Ja, das ist schwierig. Wichtig ist, sich damit auseinandersetzen. Wir leben alle über unseren Bedürfnissen. Auch ich brauche zu viele Planeten. Dass ich vielleicht etwas ökologischere Gewohnheiten entwickelt habe, ist sicher auch meinem Elternhaus zu verdanken. Aber auch der Tatsache, dass wir hier eine sehr schöne Natur haben. Oft fahren mein Partner und ich per Velo oder ÖV zu einem nahen Ziel, dann wandern wir los. Ich sammle sehr gerne, zum Beispiel Nüsse. Oder ich nehme Äpfel mit, die irgendwo liegen, und trockne sie zu Hause.
Du hast also auch eine häusliche, traditionelle Seite?
Natürlich! Wer ist schon nicht von Traditionen geprägt! Wenn ich beispielsweise ein Alphorn höre, gefällt es mir, ich jasse sehr gerne, spiele verschiedene andere analoge Spiele, stricke, koche Früchte ein, halte mich gerne im Garten auf. Und ich liebe kleine Rituale. All das gehört zu meinem «privaten Ich».
Dein bisheriges Leben spielte sich, von zweieinhalb Jahren in Bern abgesehen, ganz in Spiez ab. Was gefällt dir hier besonders?
Am besten gefällt mir, dass Spiez am See und nahe bei den Bergen liegt. Wasser und Stein habe ich sehr gern! Ich bin eine Wasserratte, diesen Sommer schwamm ich mit andern zusammen vom Weidli nach Gunten hinüber. Und die Berge schaue ich jeden Tag an: Wie viel Schnee hat der Niesen? Die Blümlisalp? Was mir auch sehr gut gefällt hier: Dass ich in einem so guten sozialen Netz eingebunden bin, dass die Familie nahe ist, dass ich zum Beispiel rasch bei meinem Grossvater bin im Tannmoos.
Unsere zweite Standardfrage: Was möchtest du in Spiez verändern – auch als Gemeinderätin?
Noch ohne konkrete Pläne zu haben: Ich möchte, dass Spiez so lebenswert bleibt. Dass viele Familien hier leben, dass es für Leute, die hier arbeiten wollen, interessant bleibt. Mein Freund und ich arbeiten hier in Spiez. Klar, das ist nicht für alle möglich. Dass die Leute hier einen Lebensmittelpunkt finden. Ökologisch leben heisst, dass man sich nicht verzettelt, dass man seine Beziehungen hier pflegen, seine Hobbies hier ausleben kann. Wenn Spiez Lebensmittelpunkt für möglichst viele wird, dann wollen sie sich auch für die Gemeinde engagieren. So bleibt die Vielfalt erhalten.
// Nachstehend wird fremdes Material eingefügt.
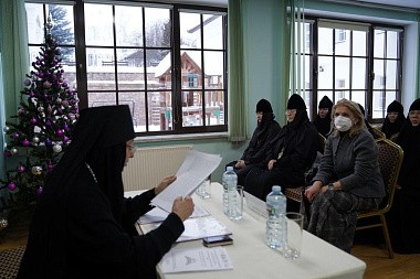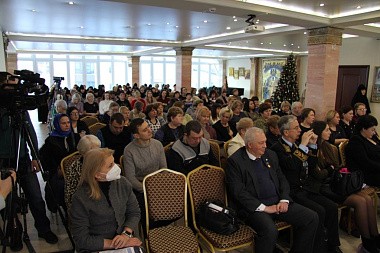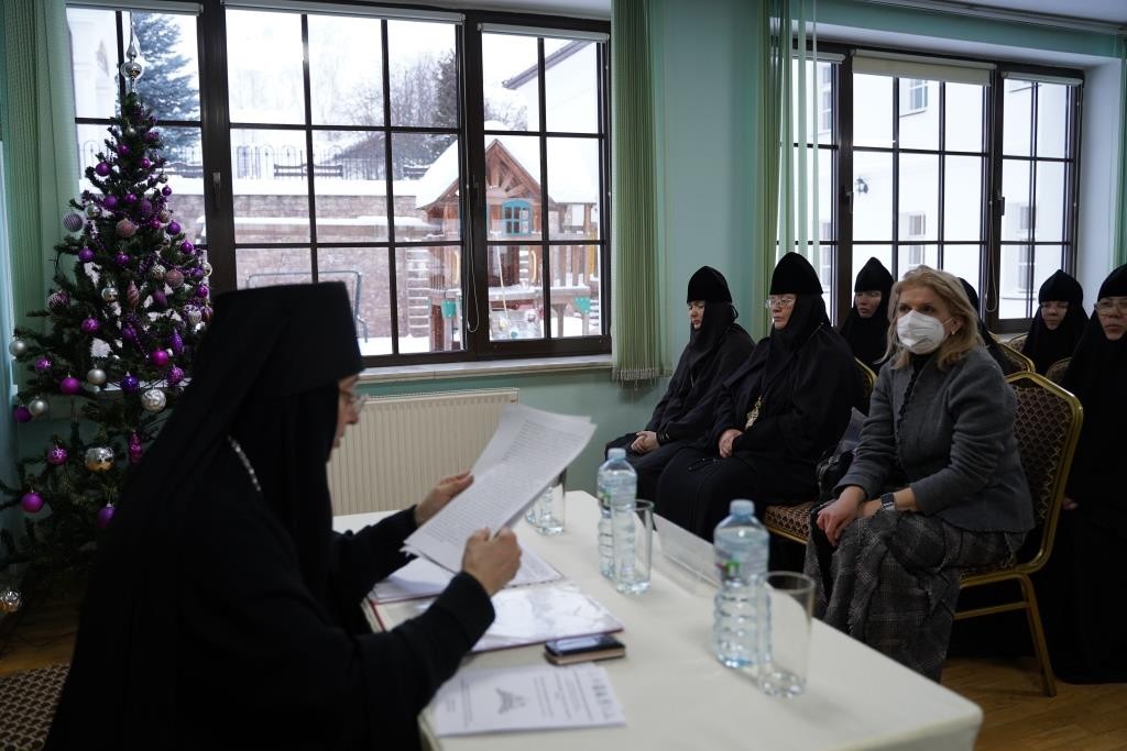В докладе И.В. Бабаковой, заместителя председателя Благотворительного фонда имени Подольских курсантов, об историческом фестивале-марафоне «Предел нападения: от 80-летия боев на Ильинских рубежах до 210-летия Малоярославецкого сражения» рассказывалось об этом фестивале, который проводит монастырь, о его перспективах и значении для патриотического воспитания старшеклассников и молодежи. По завершении своего доклада Ирина Бабакова передала для настоятельницы Черноостровского монастыря благодарственное письмо за «Урок мужества», посвященный Подольским курсантам от воспитанниц детского православного пансиона «Отрада».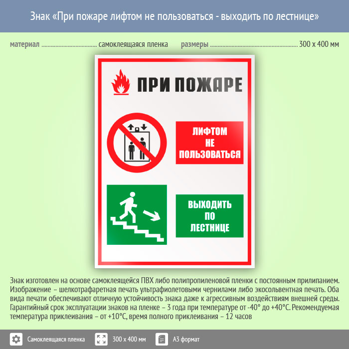 Знак «При пожаре лифтом не пользоваться - выходить по лестнице», КЗ-73 (пленка, 300х400 мм) в Ачинске купить

Interview und Fotos: Jürg Alder Foto DorfHus: zvg
Mit 18 Jahren den Jungen Grünen beigetreten
Am 8. November 2020 wurde Anna Katharina Zeilstra, die während sechs Jahren als Grüne dem Gemeindeparlament angehörte, in den Gemeinderat gewählt. Sie übernimmt am 1. Januar 2021 das Ressort Bildung, Kultur, Sport. Mit 27 Jahren ist sie das jüngste je in die Spiezer Exekutive gewählte Mitglied – und eine von sechs Frauen in der siebenköpfigen Dorfregierung. Anna Zeilstra absolvierte bei der Stiftung WOHIN in Spiez eine Lehre als Fachfrau Behindertenbetreuung. Danach bildete sie sich an der BFF Bern zur Sozialpädagogin HF aus, während sie im HumanusHaus in Rubigen arbeitete. Seit 2019 ist sie in einem 80ProzentPensum stv. Wohnbereichsleiterin im Pflegeheim Solina. Sie ist zuständig für die Alltagsgestaltung von 20 Bewohner/innen. Anna Zeilstra wuchs als Älteste mit Bruder Dominik und Schwester Julia im Stöcklimattquartier auf. Ihre Mutter Käthi Wolf ist Kindergärtnerin in Spiez. Vater Pieter Zeilstra, der als Kind aus Holland einwanderte und ebenfalls die Grünen im GGR vertrat, ist Präsident der Schweizerischen Sicherheitsuntersuchungsstelle (SUST) sowie Ranger in Naturschutzgebieten. Anna, die auch Holländisch spricht, trat bereits mit 18 den Jungen Grünen bei, drei Jahre später rutschte sie in den GGR nach, 2016 wurde sie wiedergewählt. Seit 2015 ist sie Präsidentin der Grünen Spiez. Auch das überparteiliche Frauen Forum Spiez präsidiert sie seit 2019. Anna Zeilstra wohnt mit ihrem langjährigen Partner, einem Geologen, in einer Wohnung am Weidli weg. In ihrer Freizeit ist sie am liebsten in der Natur, wandert, fährt Velo, unternimmt Velotouren, liest, strickt und spielt – in ihrer Bibliothek zu Hause liegen Dutzende analoge Spiele parat.